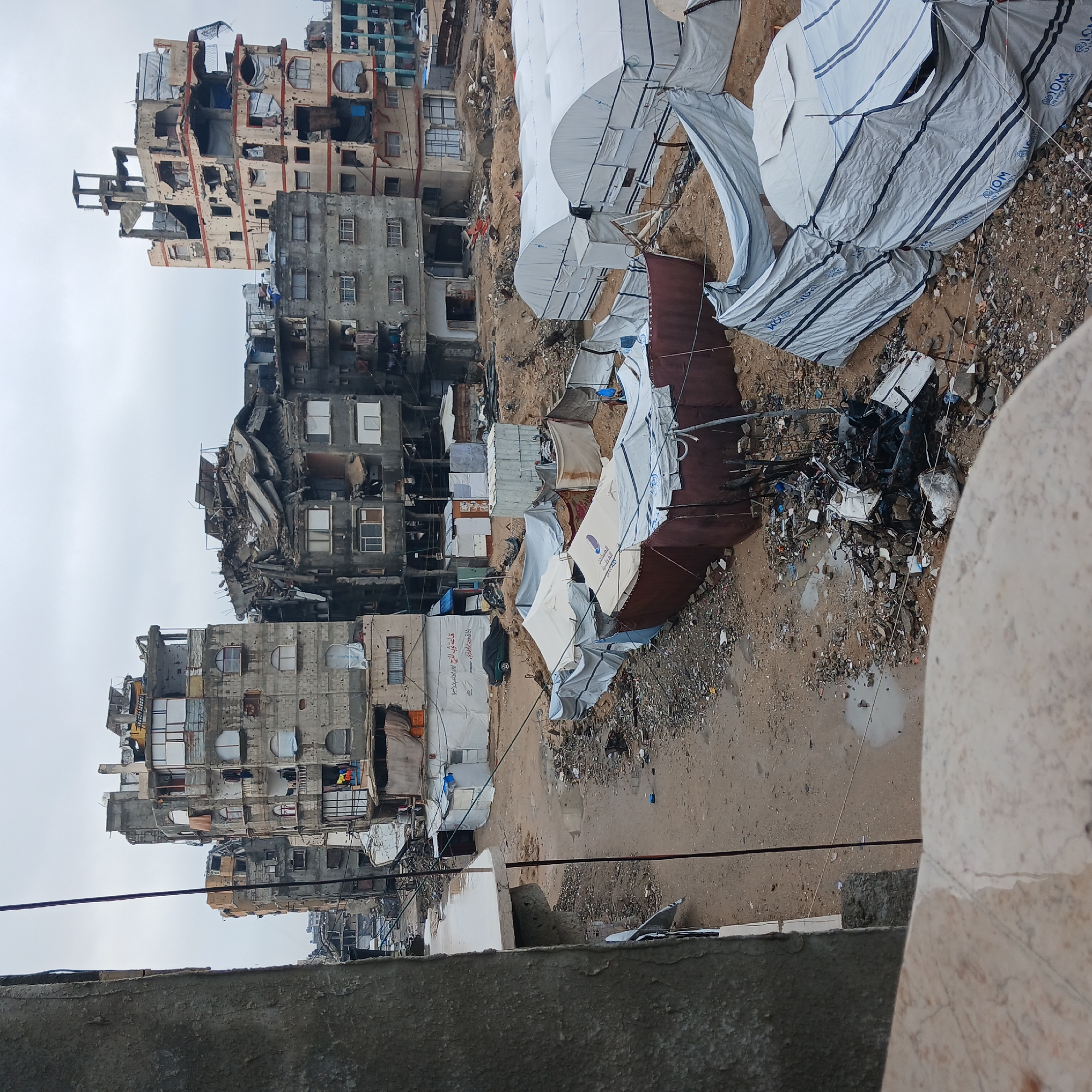 The image displays an elevated view of a severely damaged urban landscape in Gaza City, Palestinian Territory, under an overcast sky. In the foreground, a concrete ledge frames the bottom and left sides. The midground and background are dominated by numerous multi-story buildings, all exhibiting extensive structural damage, including partial collapses, exposed rebar, shattered windows, and widespread impact pockmarks on their facades. One light-colored building on the far right shows significant destruction with an exposed skeletal framework at its apex. The ground level is unpaved, uneven, and heavily covered with debris, rubble, and discarded materials. Multiple puddles of water are present on the muddy earth. A cluster of temporary shelters is erected across the open ground. These include several large, white, arched tents, possibly for humanitarian aid, and numerous smaller, makeshift tents constructed from tarpaulins. Some tarpaulins feature "IOM UN MIGRATION" branding. A dark-colored vehicle, partially covered by a tarp, is visible near a white tent with Arabic text on its side. Electrical lines crisscross the scene. No discernible individuals are engaged in specific activities.
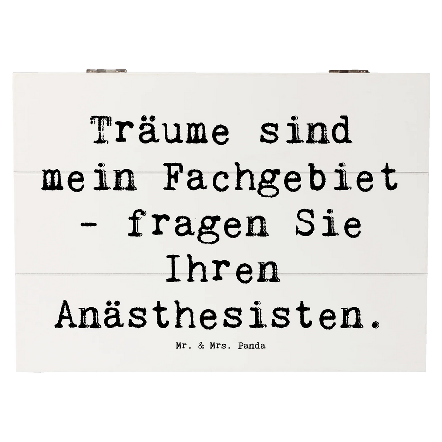 Eine wunderschöne Holzkiste von Mr. & Mrs. Panda, die ganz im Zeichen des Anästhesisten steht! Mit dem liebevoll gestalteten Spruch "Träume sind mein Fachgebiet - fragen Sie Ihren Anästhesisten" wird dieses besondere Stück zum idealen Geschenk für alle, die diesen faszinierenden Beruf ausüben.
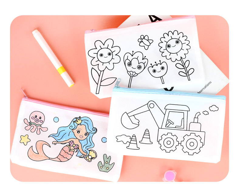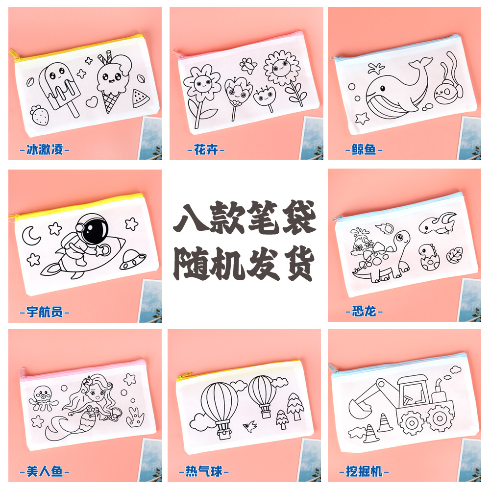 부직포 연필 케이스 DIY 낙서 유치원 초등학교 빈 문구 창조적 인 만화 그림 수제 어린이 색상 채우기스토어 가기
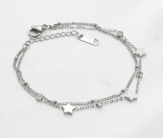 Bransoletka cyrkonią i kuleczkami, podwójny łańcuszek 1857/25
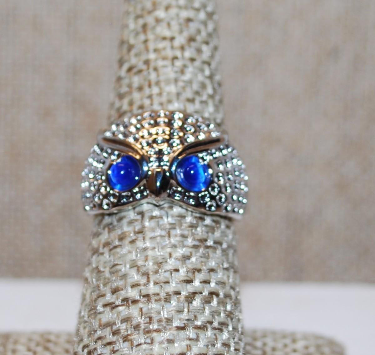 Size 7¼ Blue Eyed Owl Ring on a Shimmering Silver Tone Band (5.0g)
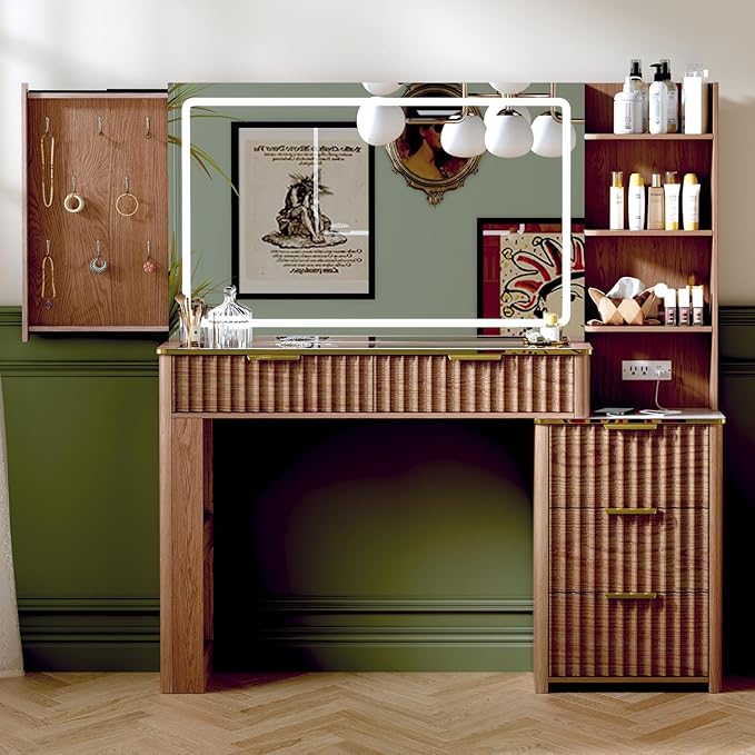 Modern Vanity Desk with Mirror and Lights, 49.2'' Fluted Makeup Vanity Desk with 5 Drawers and Shelves,Dressing Table with Glass Top and Power Outlet for Bedroom,Walnut
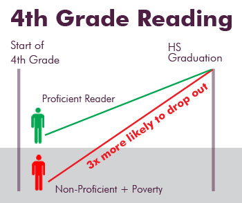 The research tells us that one in six children who are not reading proficiently in 3rd grade do not graduate from high school on time, a rate four times greater than that for proficient readers. Poverty only compounds the problem. Children who are not reading proficiently at 3rd grade and who have lived in poverty are three times more likely to drop out or fail to graduate than those who have never been poor. (Double Jeopardy, Annie E. Casey Foundation 2012)
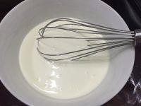 7.将凉后的蛋奶糊过筛倒入打发好的淡奶油中。

- - -

ACTION ITEM>
The pictures in the data should be omitted, and every remaining line set down exactly.

EXERCISE RESULT>
 The image displays an elevated view of a severely damaged urban landscape in Gaza City, Palestinian Territory, under an overcast sky. In the foreground, a concrete ledge frames the bottom and left sides. The midground and background are dominated by numerous multi-story buildings, all exhibiting extensive structural damage, including partial collapses, exposed rebar, shattered windows, and widespread impact pockmarks on their facades. One light-colored building on the far right shows significant destruction with an exposed skeletal framework at its apex. The ground level is unpaved, uneven, and heavily covered with debris, rubble, and discarded materials. Multiple puddles of water are present on the muddy earth. A cluster of temporary shelters is erected across the open ground. These include several large, white, arched tents, possibly for humanitarian aid, and numerous smaller, makeshift tents constructed from tarpaulins. Some tarpaulins feature "IOM UN MIGRATION" branding. A dark-colored vehicle, partially covered by a tarp, is visible near a white tent with Arabic text on its side. Electrical lines crisscross the scene. No discernible individuals are engaged in specific activities.
 Eine wunderschöne Holzkiste von Mr. & Mrs. Panda, die ganz im Zeichen des Anästhesisten steht! Mit dem liebevoll gestalteten Spruch "Träume sind mein Fachgebiet - fragen Sie Ihren Anästhesisten" wird dieses besondere Stück zum idealen Geschenk für alle, die diesen faszinierenden Beruf ausüben.
 부직포 연필 케이스 DIY 낙서 유치원 초등학교 빈 문구 창조적 인 만화 그림 수제 어린이 색상 채우기스토어 가기
 Bransoletka cyrkonią i kuleczkami, podwójny łańcuszek 1857/25
 Size 7¼ Blue Eyed Owl Ring on a Shimmering Silver Tone Band (5.0g)
 Modern Vanity Desk with Mirror and Lights, 49.2'' Fluted Makeup Vanity Desk with 5 Drawers and Shelves,Dressing Table with Glass Top and Power Outlet for Bedroom,Walnut
 The research tells us that one in six children who are not reading proficiently in 3rd grade do not graduate from high school on time, a rate four times greater than that for proficient readers. Poverty only compounds the problem. Children who are not reading proficiently at 3rd grade and who have lived in poverty are three times more likely to drop out or fail to graduate than those who have never been poor. (Double Jeopardy, Annie E. Casey Foundation 2012)
 7.将凉后的蛋奶糊过筛倒入打发好的淡奶油中。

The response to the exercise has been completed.